Table 3. Haplotype main effect and conditional haplotype-based analysis tests (MHF>0.01).
| Haplotype | S1 | S2 | S3 | F(case/control) | χ2 | OR (95%CI) | Asymptotic P-value | P FDR-BH |
|---|---|---|---|---|---|---|---|---|
| H1 | T | A | T | 0.362/0.267 | 8.424 | 1.540 (1.030–2.380) | 0.004 | 0.016 |
| H2 | C | C | T | 0.031/0.047 | 1.386 | 0.239 | 0.319 | |
| H3 | C | A | C | 0.010/0.012 | 0.260 | 0.610 | 0.610 | |
| H4 | C | C | C | 0.599/0.674 | 4.892 | 0.720 (0.490–0.910) | 0.027 | 0.054 |
| Pcond | 0.85 | 0.57 | 0.25 |
MHF: minor haplotype frequency; H1, H2, H3, H4 represented haplotype1, haplotype2, haplotype3, haplotype4, respectively. S1, S2, S3 represented SNP rs870142, rs16835979, rs6824295, respectively. F(case/control) represented haplotype frequency in the cases and controls.

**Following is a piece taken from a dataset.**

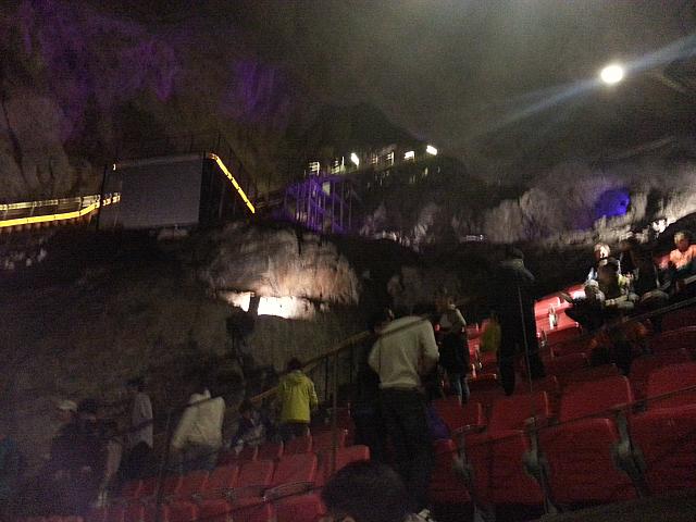 鳥や太古の生物?を見学して進むとと芸術の殿堂と呼ばれるアート劇場がありました。洞窟内とは思えないぐらい天井が高くとても広い場所。音響、響くだろうな~

OR (95%CI) and asymptotic P-value denoted haplotypic odds ratio and P-value in the haplotype association analysis. PFDR-BH denoted the P-value after performing multiple testing corrections with FDR-BH method. Pcond denoted P-value in the conditional test which determined whether the haplotype association could be attributive to that single SNP.